Governed evolution for LLM and agentic systems.
The destination is fixed. The route gets better.
Holdfast separates what your downstream systems depend on (frozen) from how you deliver it (evolvable), then uses evidence to improve the route while guaranteeing the destination doesn't change. Built for teams running LLM pipelines, agentic workflows, and prompt-driven systems that need to improve without regressing.
Install the holdfast skill and it works out of the box. No Python library needed.
Use Claude Code the way you already do — code reviews, test generation, refactoring, planning. Holdfast tracks your interactions, detects when quality drifts, and proposes improvements to Claude's own approach.
- Discover — holdfast notices repeatable tasks and offers to track them
- Track — after each tracked interaction, holdfast silently logs evidence (outcome, quality, what worked)
- Interpret — ask Claude what's drifting and it reads the accumulated evidence, runs detection, explains patterns
- Evolve — Claude proposes a targeted change to its own approach, you approve, the approach improves
Tell Claude to start tracking:
"Use holdfast to track my code reviews."
Or add it to your CLAUDE.md:
Use holdfast to track the quality of code reviews in this project.
Claude sets up the contract, starts logging evidence silently, and surfaces insights when patterns emerge.
The Python library instruments your pipeline and collects evidence. Wire @track into your functions, and holdfast logs every run, validates against invariants, and detects drift — giving Claude (or your own LLM) the data it needs to propose improvements.
from holdfast import Contract, track
contract = Contract.load("holdfast/contracts/my-pipeline/")
@track(contract)
async def classify(item: dict) -> dict:
prompt = contract.get_evolvable("prompt")
return await your_llm_call(prompt, item)
# Every call logs evidence. Pass/fail determined by invariant validation.

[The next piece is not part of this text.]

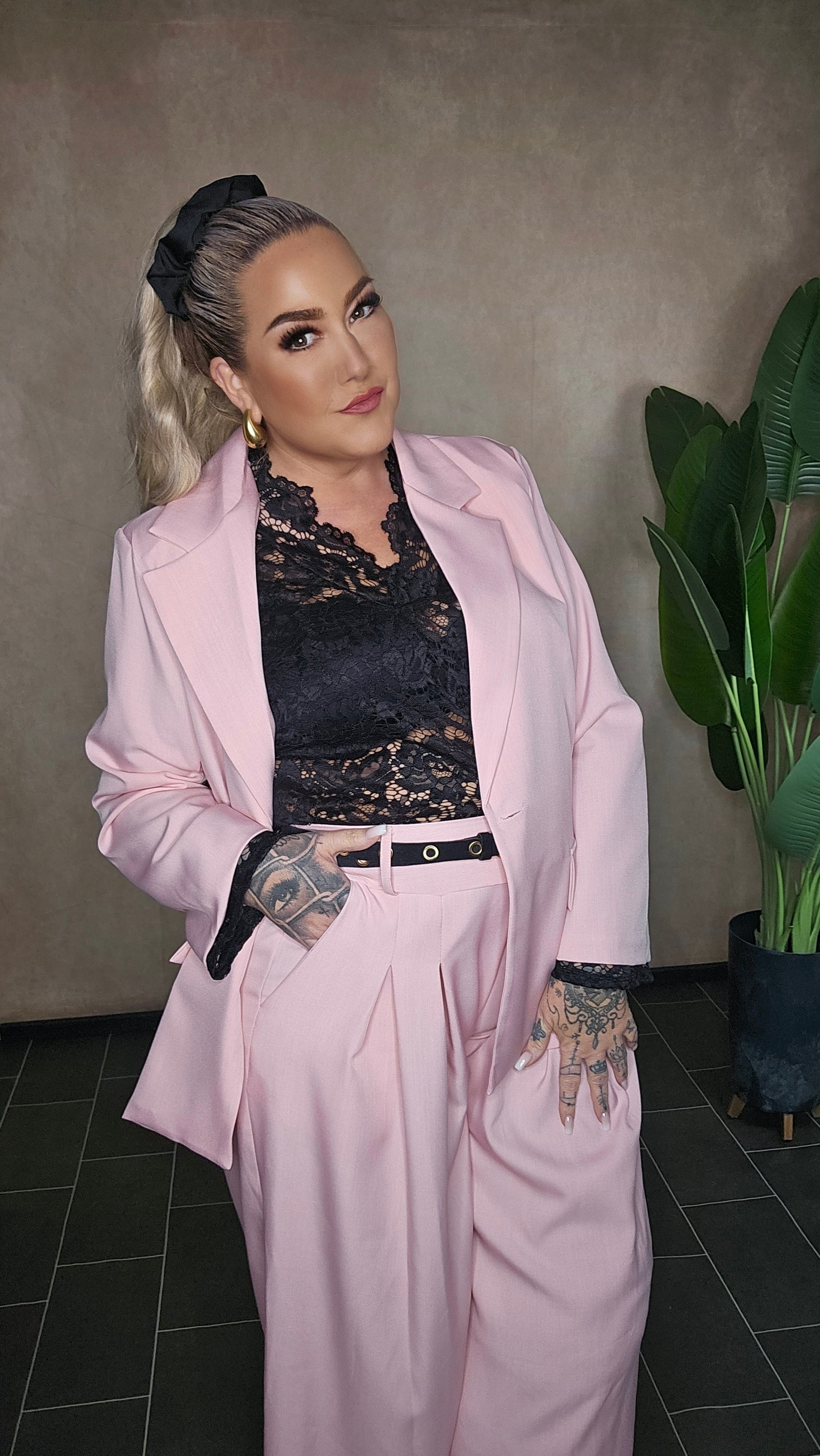 Dieser traumhafte Blazer "Rosaly" in zartem Rosa ist dein neuer Power-Look für jeden Anlass! Der taillierte Schnitt mit Schulterpolstern verleiht dir eine selbstbewusste Silhouette, während die weiche Qualität für höchsten Tragekomfort sorgt. Kombiniere ihn zur passenden Hose für einen eleganten Hosenanzug-Look oder trage ihn lässig über einem Spitzentop zur Jeans – dieser Blazer macht dich zur absoluten Powerfrau!
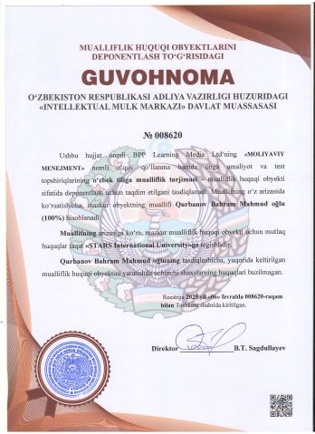 718 | №008620 | O‘zbek tiliga mualliflik tarjimasi – "MOLIYAVIY MENEJMENT" | Qurbanov Bahram Mahmud oğlu (100%) | STARS International University | 02/06/2025 | ![]() |

# Evolution proposals are backed by this accumulated evidence.For CI or fully automated pipelines, propose_evolution() drives evolution programmatically without Claude Code.
A typical Claude Code session reviewing evidence across contracts:
You: How's my classifier doing?
Claude: Here's what the holdfast evidence shows:
Classifier — English (847 runs)
Drift alert (triggered): Mean confidence shifted from baseline 0.82 → 0.71
(shift 0.11, threshold 0.10). Confidence is trending lower — the model is
less certain on recent inputs. Could be input distribution shift or the
prompt change from last week.
Pass rate: Baseline (first 50) = 88% → Recent (last 50) = 94%. Accuracy
improved despite lower confidence — the model is better calibrated now.
1 volatile input category: product reviews with mixed sentiment (stdev 0.31,
scores [0.9, 0.4, 0.6]). The rest are stable within ±0.1.
Classifier — Spanish (312 runs)
No alerts. Consistent output across all detection windows.
Summarizer — Short Form (1,203 runs)
Failure rate alert: 23% in last 50 runs (threshold 15%). Failures are all
schema violations — summaries exceeding the 280-char limit. The model is
producing longer outputs since the prompt was last evolved.
Bottom line
The classifier drift is minor — watch it over the next run cycle. The
summarizer needs attention: the char limit failures are climbing.
You: Propose an evolution for the summarizer.
Claude: Based on runs 01180, 01187, 01192, 01195, 01201 — all over the char limit:
Proposed change to evolvable/prompt.md:
+ Your summary MUST be under 280 characters. Count carefully.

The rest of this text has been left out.